───── Data shown

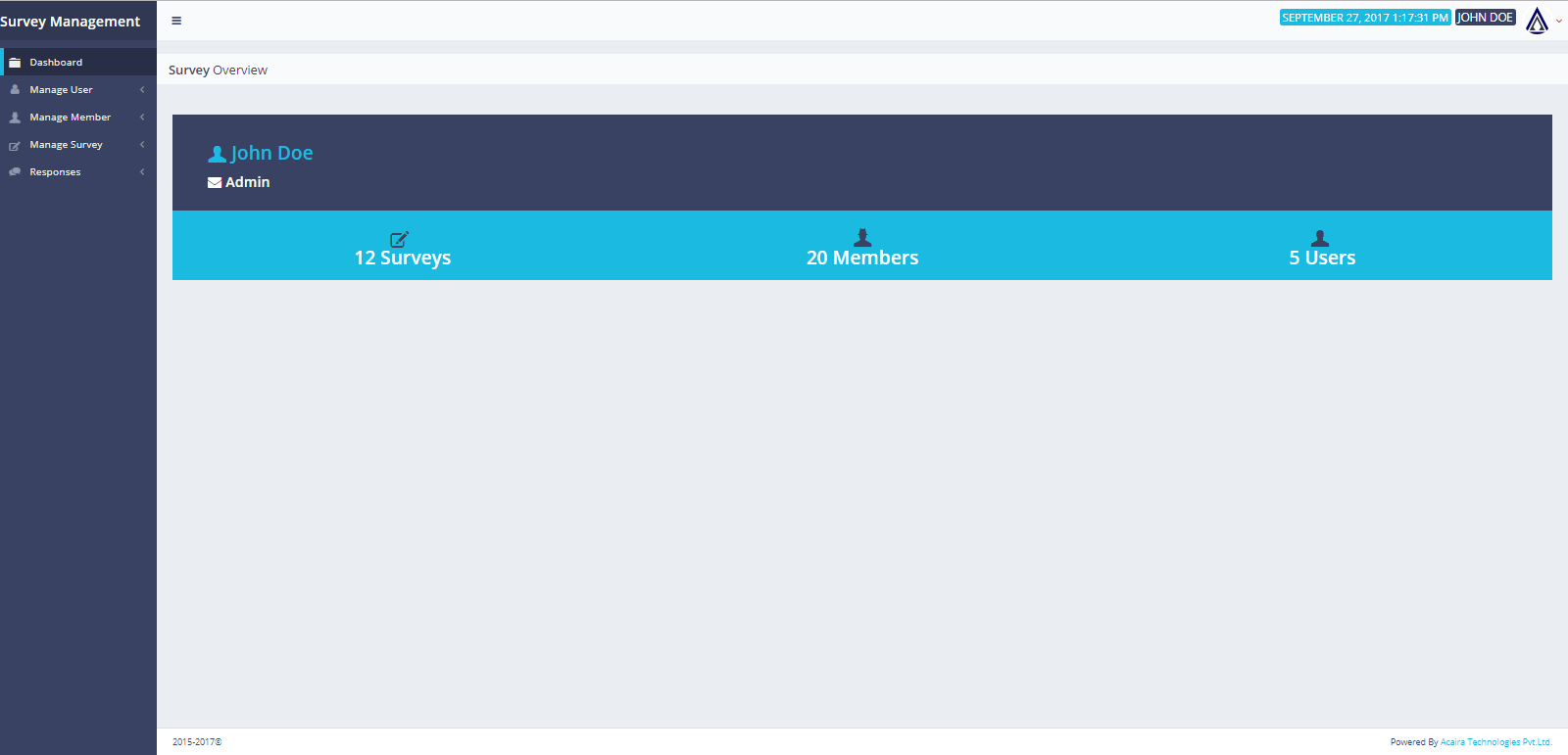 Survey Management System is relevant for organizations that require surveying and interviewing techniques to measure opinion amongst different participant's levels and categories.
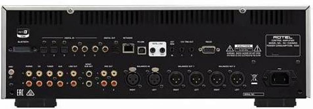 Двойной комплект выходных соединений RCA и XLR обеспечивают максимальную гибкость, включая аудио системы с би-ампингом (двойным усилением). Имеется также выход на сабвуфер.
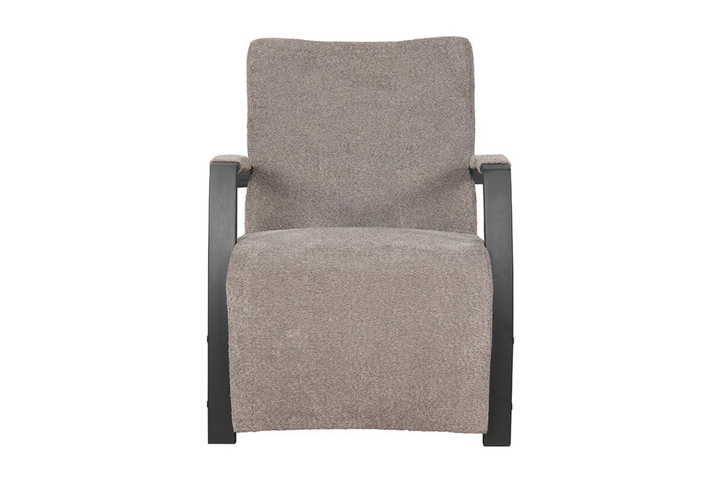 Stoere fauteuil met gewelfde metalen armleuningen. Prijs is op basis van goedkoopst beschikbare uitvoering. Uitvoering en beschikbaarheid kan per vestiging verschillen.
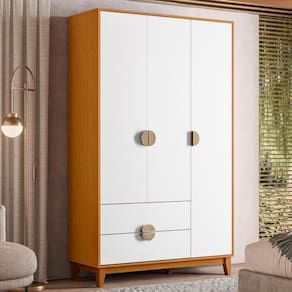 Tipo de Guarda Roupa: Solteiro | Tonalidade: Multicolorido | Quantidade de Portas: 3 | Fabricante: Móveis Albatroz Cor: Cinamomo/Branco
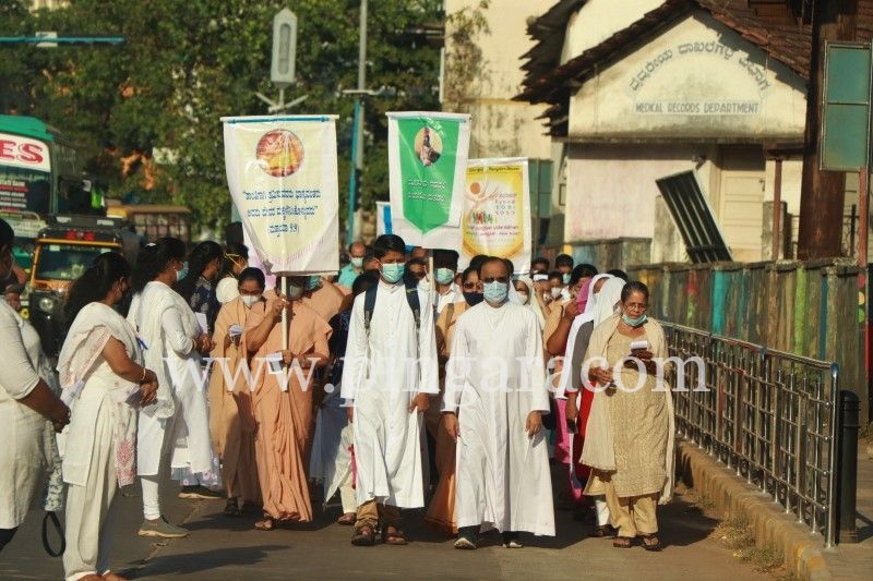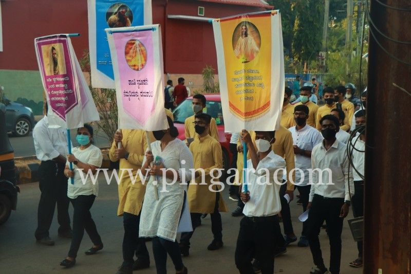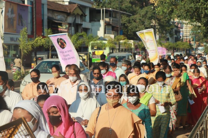 Mangaluru, Jan 02: After a long gap of two years, Catholics in Mangalore partook in a solemn Eucharistic procession held on Sunday January 2, 2022, from Milagres Church to Rosario Cathedral observing all Covid guidelines laid down by the government.

──────────

Exact copies of the lines from the one containing "Tipo de Guarda" through the final line of the data are required; pictures are to be omitted.

Result of this task =>
 Tipo de Guarda Roupa: Solteiro | Tonalidade: Multicolorido | Quantidade de Portas: 3 | Fabricante: Móveis Albatroz Cor: Cinamomo/Branco
 Mangaluru, Jan 02: After a long gap of two years, Catholics in Mangalore partook in a solemn Eucharistic procession held on Sunday January 2, 2022, from Milagres Church to Rosario Cathedral observing all Covid guidelines laid down by the government.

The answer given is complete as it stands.